I
INTRODUCTORY
There is no topographical division of Europe which more readily defines itself and its limits than the Rhine valley from Schaffhausen to where the river empties into the North Sea.
The region has given birth to history and legend of a most fascinating character, and the manners and customs of the people who dwell along its banks are varied and picturesque.
Under these circumstances it was but to be expected that architectural development should have expressed itself in a decided and unmistakable fashion.
One usually makes the Rhine tour as an interlude while on the way to Switzerland[{2}] or the Italian lakes, with little thought of its geographical and historical importance in connection with the development of modern Europe.
It was the onward march of civilization, furthered by the Romans, through this greatest of natural highways to the north, that gave the first political and historical significance to the country of the Rhine watershed. And from that day to this the Rhenish provinces and the Low Countries bordering upon the sea have occupied a prominent place in history.
There is a distinct and notable architecture, confined almost, one may say, to the borders of the Rhine, which the expert knows as Rhenish, if it can be defined at all; and which is distinct from that variety of pre-Gothic architecture known as Romanesque.
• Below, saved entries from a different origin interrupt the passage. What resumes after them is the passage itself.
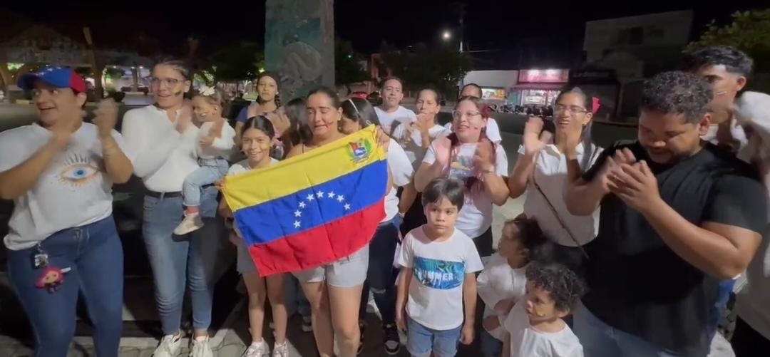 Cotuí, 29 de julio de 2024 – Esta noche, un grupo de venezolanos residentes en Cotuí se reunió en el parque Duarte para expresar su rechazo a la reciente reelección de Nicolás Maduro como presidente de Venezuela. Aunque el número de participantes fue limitado, la protesta se destacó por su fervor y el uso de la bandera venezolana y cantos para manifestar su descontento.
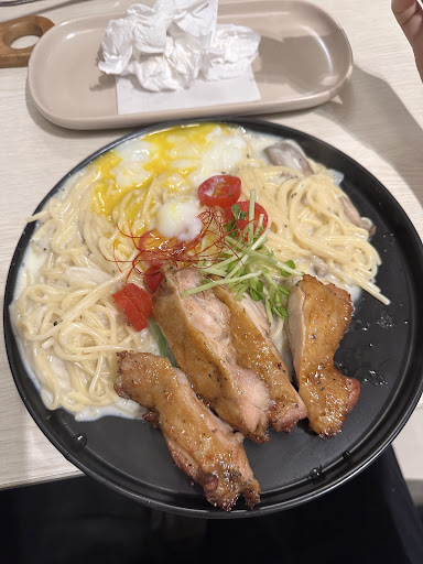 Read more2025/5/13 ▫環境:5.0/5.0 ▫服務:5.0/5.0 ▫️餐點:5.0/5.0 ▫花費:1640元/4人 ▫ CP值:中等 ▫停車:易,路邊停車格 ▫支付方式:街口支付 ▫消費項目:B套餐,E套餐,點了4個主套餐,單點雞塊及炸豆腐 ▫總評:環境很明亮,裡面空間大,也相當的舒適,地下室也有用餐區,廁所也很乾淨,這裡的點餐以掃QR為主,手機點完後至櫃檯結帳,才會開始製作餐點,其實等候的時間不會很久,不過要是可以先來酥皮濃湯,後面再接主餐會更好!😂~因為幾乎是一同上桌,相差時間可能不到1-2分鐘,如果先喝湯 義大利麵就涼了⋯⋯所以很難抉擇要先下手哪一道,炸物很好吃喔,炸豆腐真的非常的酥脆,主食義大利麵、燉飯、焗烤飯...
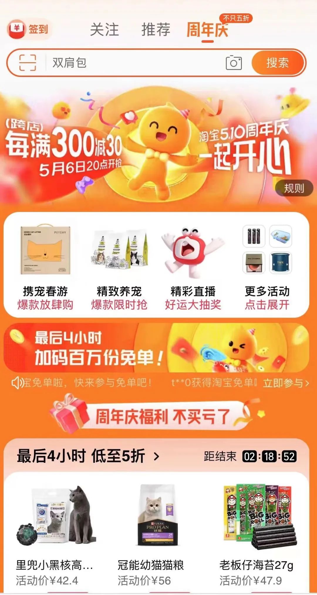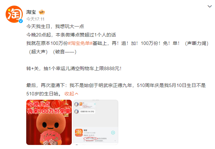 5月6日,大量淘寶用戶突然被大規(guī)模免單,此前官方并未發(fā)布任何活動(dòng)玩法和游戲規(guī)則,隨后官方宣布,淘寶周年慶開(kāi)啟了答題免單活動(dòng),據(jù)悉,活動(dòng)周期內(nèi)預(yù)計(jì)將發(fā)放100萬(wàn)個(gè)免 單名額。加上五一、母親節(jié)等各種節(jié)日促點(diǎn),今年上半年的淘天似乎一直在“打折”。
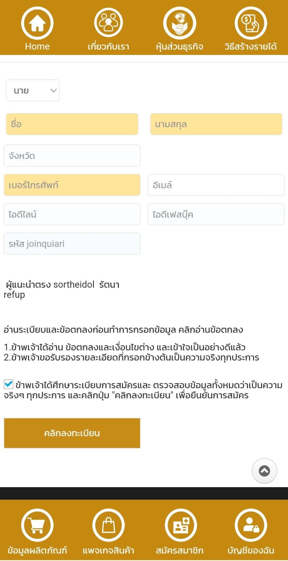 หมายเหตุ เมื่อท่านเข้าสู่ระบบสมาชิก ท่านสามารถนำลิงก์เวปไซต์นี้ไปแชร์ให้กับผู้มุ่งหวังของท่านได้ทันที (ข้อแนะนำวิธีการแชร์ลิงก์อยู่ในระบบเรียบร้อยแล้ว) ข้อมูลที่ท่านได้ลงทะเบีบนไว้จะถูกเชื่อมต่อเข้ากับระบบโดยอัตโนมัติ)
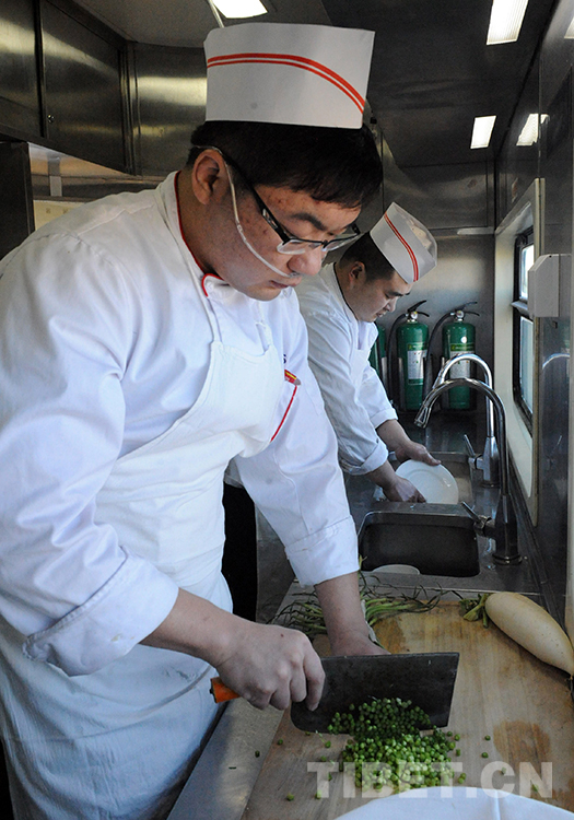 我在北京鐵路客運段京藏列車第二組的餐車里看到,列車在通過唐古拉山區段時,餐車正在為旅客提供炒菜服務。我采訪的廚師長孫冠軍告訴我,京藏列車自開通運營以來,除了像西紅柿炒雞蛋因高原沸點低而無法炒成片外,其他三四十種可口飯菜都能在列車運行中的高海拔地段完成。
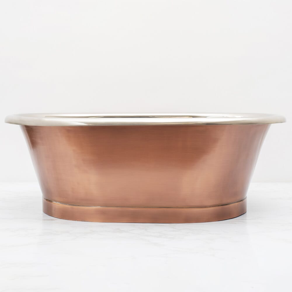 Questo lavabo è stato realizzato in rame ed è caratterizzato dalla sua elegante finitura rame antico con interno nichel.
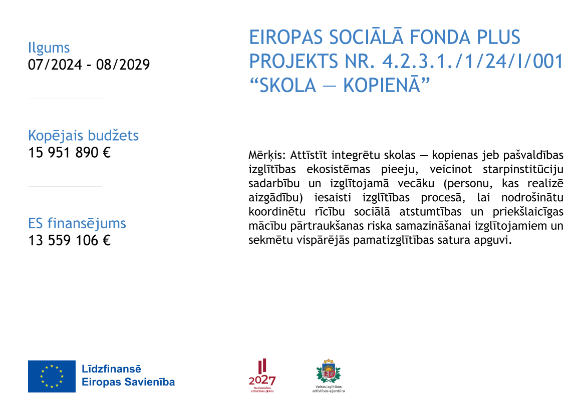Saldus vidusskola no šī mācību gada piedalās Eiropas sociālā fonda projektā “Skola kopienā”.
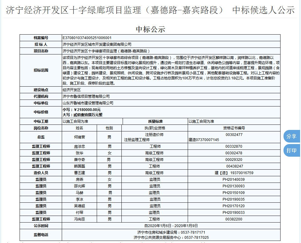 祝賀我公司濟寧經濟開發區十字綠廊項目監理(嘉德路-嘉賓路段)中標
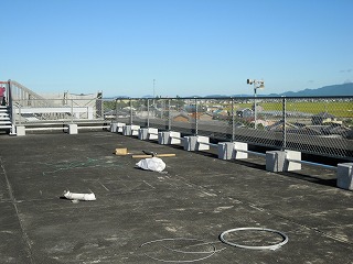 一日中雨、という日がなく、残暑の厳しい中、着々と校舎の防災工事が進んでいます。屋上へ上がってみると、東側と西側をつなぐ「渡り廊下」もできあがりつつありました。校庭からはあまり見えませんが、屋上には、写真のようにフェンスがきれいに張り巡らされています。8月末にはほぼ完成予定です。
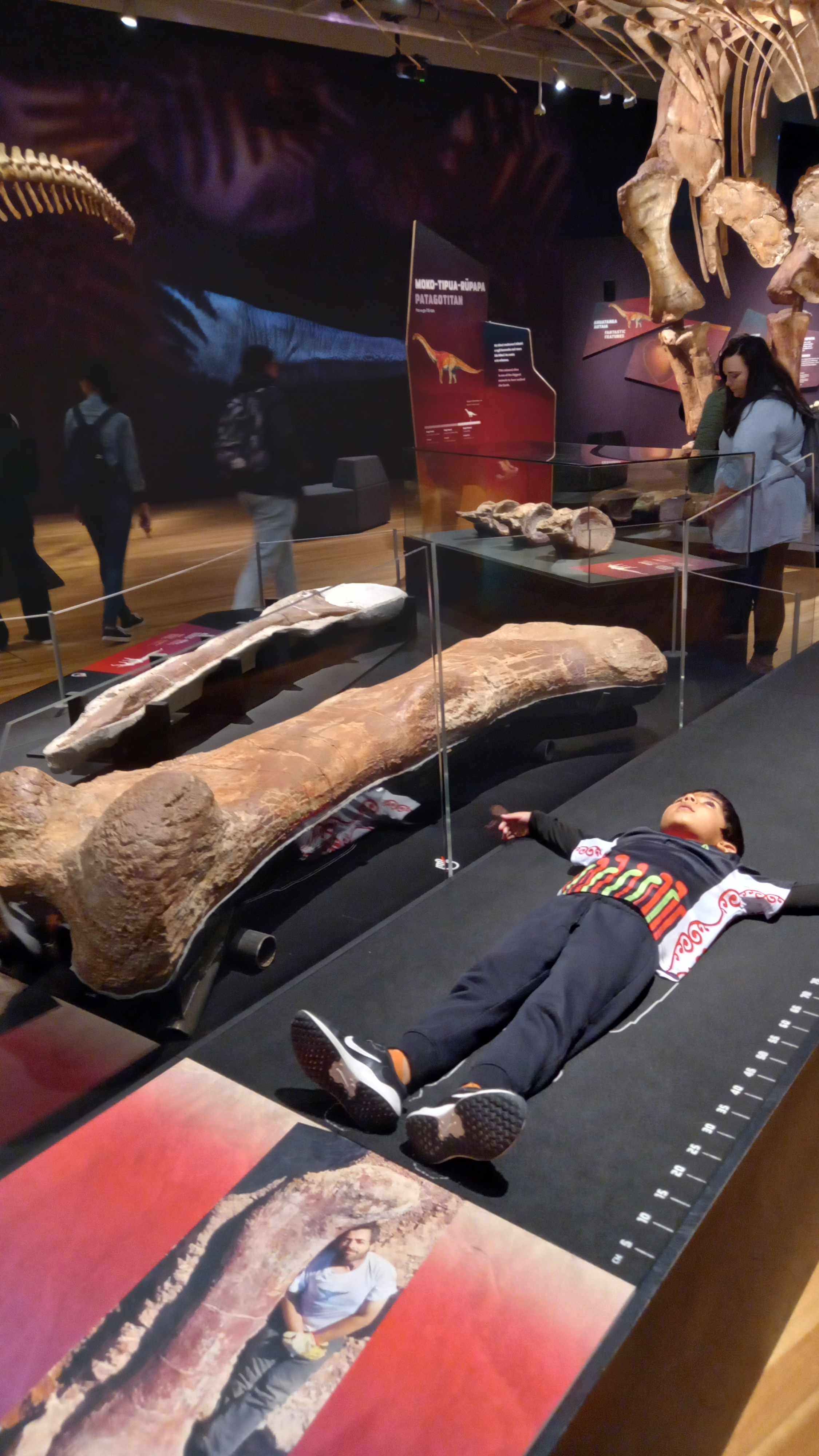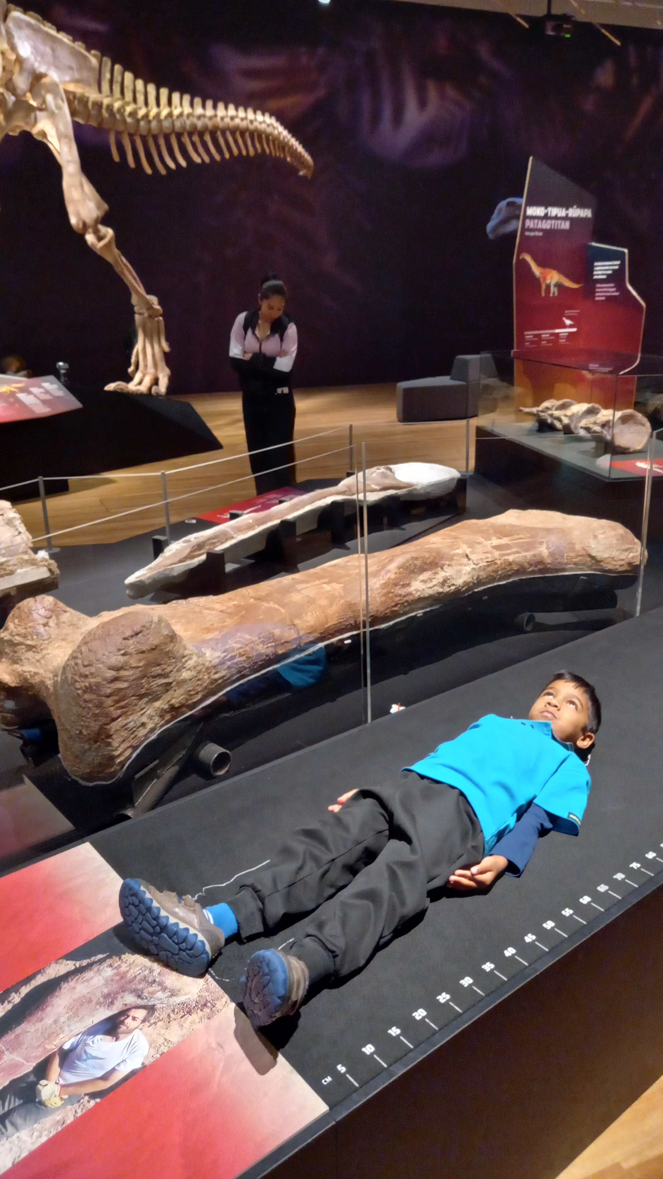 There was a ruler to measure the dinosaur's legs. We also saw dinosaur egg fossils.
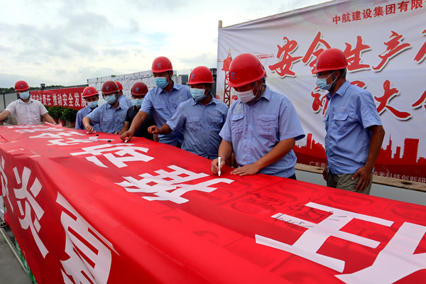 6月4日,中航建設(shè)集團(tuán)承建的廣州納米生物安全中心項(xiàng)目部舉行“安全生產(chǎn)月”宣誓暨夏日送清涼活動(dòng)。中航建設(shè)集團(tuán)南方工程有限公司執(zhí)行董事張逸浩,總經(jīng)理、項(xiàng)目總指揮徐剛,南方公司、納米項(xiàng)目部全體員工以及各專(zhuān)業(yè)分包、勞務(wù)分包等參建單位管理人員和工人代表參加活動(dòng)。

It has been developed mainly in the building of ecclesiastical edifices, and the churches and cathedrals of the Rhine valley, through Germany and the Netherlands, are a species which, if they have not the abounding popular interest of the great Gothic churches of France, are quite as lordly and imposing as any of their class elsewhere. The great cathedral[{3}] at Cologne stands out among its Gothic compeers as the beau-ideal of our imagination, while the cathedral at Tournai, in Belgium—which, while not exactly of the Rhine, is contiguous to it—is the prototype of more than one of the lesser and primitive Gothic cathedrals of France, and has even lent its quadruple elevation to Notre Dame at Paris, and was possibly the precursor of the cathedral at Limburg-on-Lahn.
From this it will be inferred that the builders of the churches of the Rhine country were no mere tyros or experimenters, but rather that they were possessed of the best talents of the time.